> [Exercise directions] From the line that contains "制冷效果:制冷效果挺好的,平" down to the final line below, please repeat each line exactly and nothing more, with no pictures.

> [Information provided]
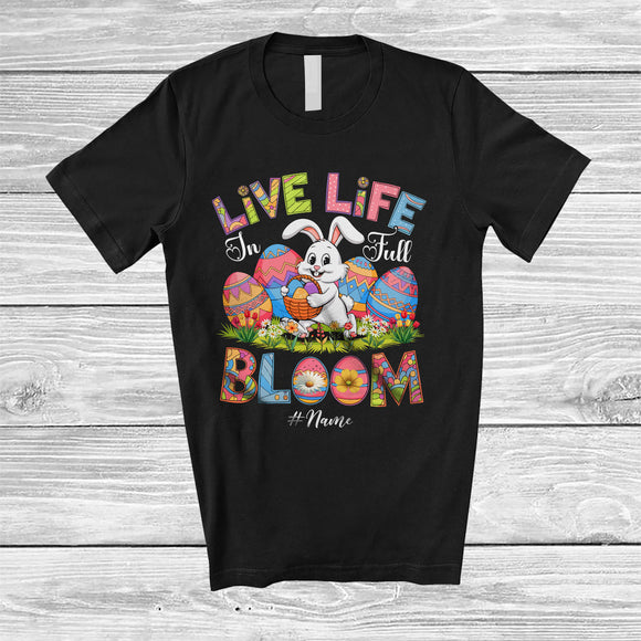 Personalized Live Life In Full Bloom; Adorable Easter Custom Name Bunny Hunting Eggs; Family T-Shirt
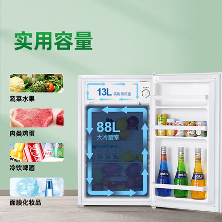 制冷效果:制冷效果挺好的,平常开着3档,冷冻效果不错保鲜效果:饮料放里面特别冰,白菜放一个星期也很新鲜容量大小:侧边有3栏可以放饮料,一栏大概可以放5瓶RIO易拉罐装的,还是可以的。冰冻室可以放大概5包速冻饺子这样子。已经使用3天了,挺好用的。性价比挺高的。经常在京东购物,送货快,质量可以信赖。外形外观:小巧制冷效果:不错真正的租房神器放在公寓合适,一个人方便实用,品牌机器,使用起来方便放心
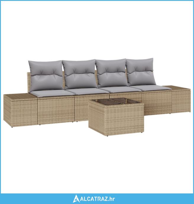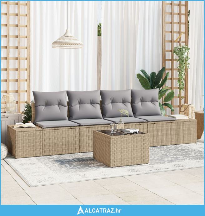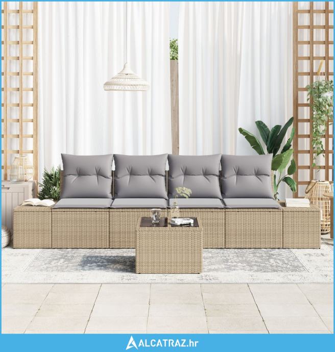 set od 5 dijelova vrtne sofe s jastučićima bež poli ratan - NOVO
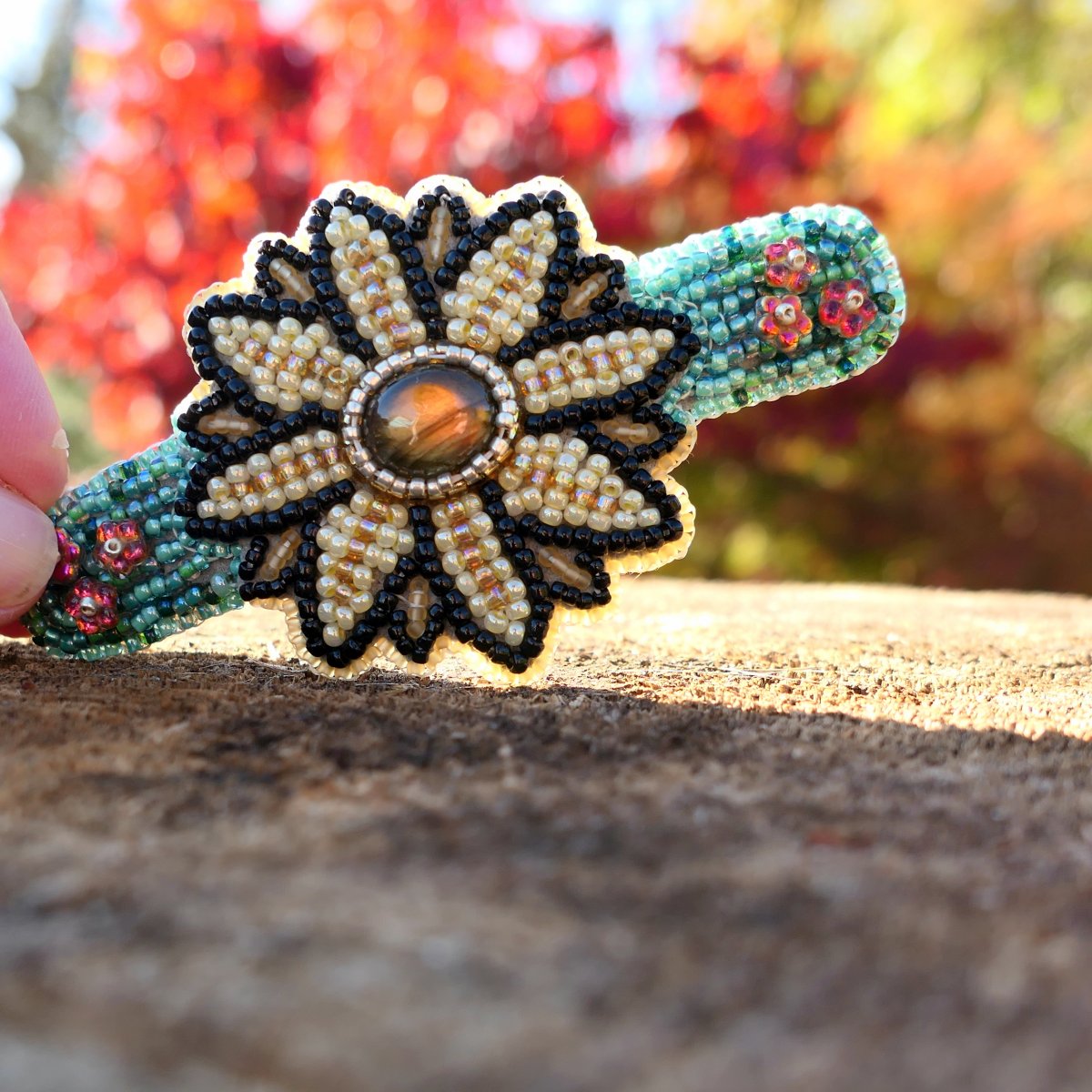 Spona do vlasů vyšívaná, uprostřed je oválek labradoritu se žlutou labradorizací. Jedná se o přírodní kámen z Madagaskaru.

> [Exercise output]
 制冷效果:制冷效果挺好的,平常开着3档,冷冻效果不错保鲜效果:饮料放里面特别冰,白菜放一个星期也很新鲜容量大小:侧边有3栏可以放饮料,一栏大概可以放5瓶RIO易拉罐装的,还是可以的。冰冻室可以放大概5包速冻饺子这样子。已经使用3天了,挺好用的。性价比挺高的。经常在京东购物,送货快,质量可以信赖。外形外观:小巧制冷效果:不错真正的租房神器放在公寓合适,一个人方便实用,品牌机器,使用起来方便放心
 set od 5 dijelova vrtne sofe s jastučićima bež poli ratan - NOVO
 Spona do vlasů vyšívaná, uprostřed je oválek labradoritu se žlutou labradorizací. Jedná se o přírodní kámen z Madagaskaru.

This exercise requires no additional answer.